* TASK TO CARRY OUT *
Exact reproduction required: the lines below from the line with "Trang phục bà" to the line with "Chico’s No Iron", both ends included, and no others.

* PROVIDED ENTRIES *

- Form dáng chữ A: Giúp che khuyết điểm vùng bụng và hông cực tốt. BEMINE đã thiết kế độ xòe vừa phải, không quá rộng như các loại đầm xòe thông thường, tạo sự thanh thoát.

==

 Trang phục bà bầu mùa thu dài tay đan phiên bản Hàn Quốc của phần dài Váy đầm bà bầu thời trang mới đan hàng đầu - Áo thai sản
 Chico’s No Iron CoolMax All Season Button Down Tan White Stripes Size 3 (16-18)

* RESPONSE TO THE TASK *
 Trang phục bà bầu mùa thu dài tay đan phiên bản Hàn Quốc của phần dài Váy đầm bà bầu thời trang mới đan hàng đầu - Áo thai sản
 Chico’s No Iron CoolMax All Season Button Down Tan White Stripes Size 3 (16-18)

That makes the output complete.